Updated by ciconia (Sharon Rosner) over 2 years ago
Please forgive me if this is a stupid question, but are fiber stacks in Ruby resizable? Can they grow or do they have a fixed size?
Updated by ioquatix (Samuel Williams) over 2 years ago
You do not need to preface your questions like that.
The fiber stack is a fixed size, but it's allocated using virtual memory and it's "released" using madvise(DONT_NEED)

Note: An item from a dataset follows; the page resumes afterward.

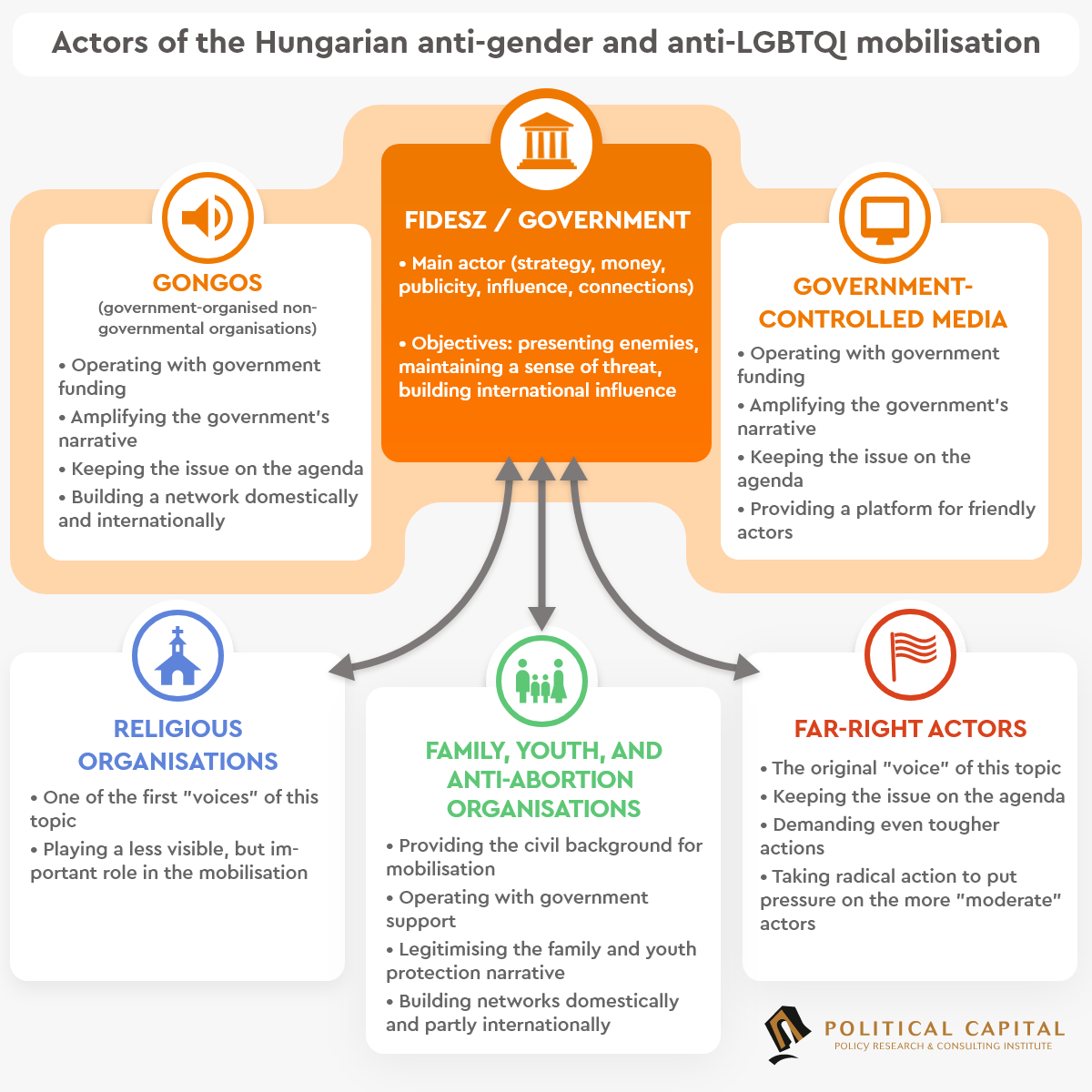 - The Fidesz government and its proxies (government-organised NGOs, think tanks and media, semi-independent family and anti-abortion organisations and far-right groups) have been the main disseminators of anti-gender and anti-LGBTQI narratives.
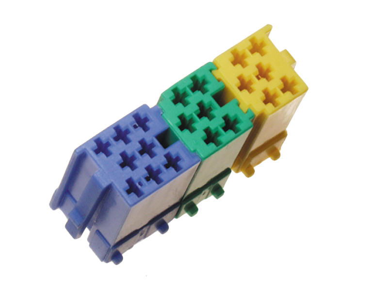 - 3 Mini-ISO stik i farverne blå, grøn og gul

which allows the kernel to release those pages. So whether you allocate fibers with a 1MiB stack or a 128MiB stack, the only difference is address space consumed which is almost free and the actual amount of stack used, rounded up to the nearest page. One part to be careful of is to ensure the GC knows the correct extent of the stack, otherwise it would page in the entire stack (mostly zeros).
Updated by rmosolgo (Robert Mosolgo) over 1 year ago
I heard someone ran into this error in a GraphQL-Ruby context, so I thought I'd check out this script on the latest Ruby. It didn't crash as-written, so I added a couple more orders of magnitude. It still finished fine locally, but slowed down in the same way described previously (iiuc). Here's the output of the script, reformatted for readability:
$ ruby -v
ruby 3.1.0p0 (2021-12-25 revision fb4df44d16) [x86_64-darwin19]
$ ruby fibers.rb
fibers: 100 rss: 13788 count: 1000000 rate: 4792967.757705894
fibers: 1000 rss: 25424 count: 1000000 rate: 4186447.6317265746
fibers: 10000 rss: 143384 count: 1000000 rate: 1308239.5543612782
fibers: 100000 rss: 1312544 count: 1000000 rate: 746528.2702790672
fibers: 1000000 rss: 12983392 count: 1000000 rate: 147636.8216863137
fibers: 10000000 rss: 21913812 count: 1000000 rate: 63403.92197640169
Just thought I'd share the behavior on 3.1.0 in case anyone else comes checking on this issue!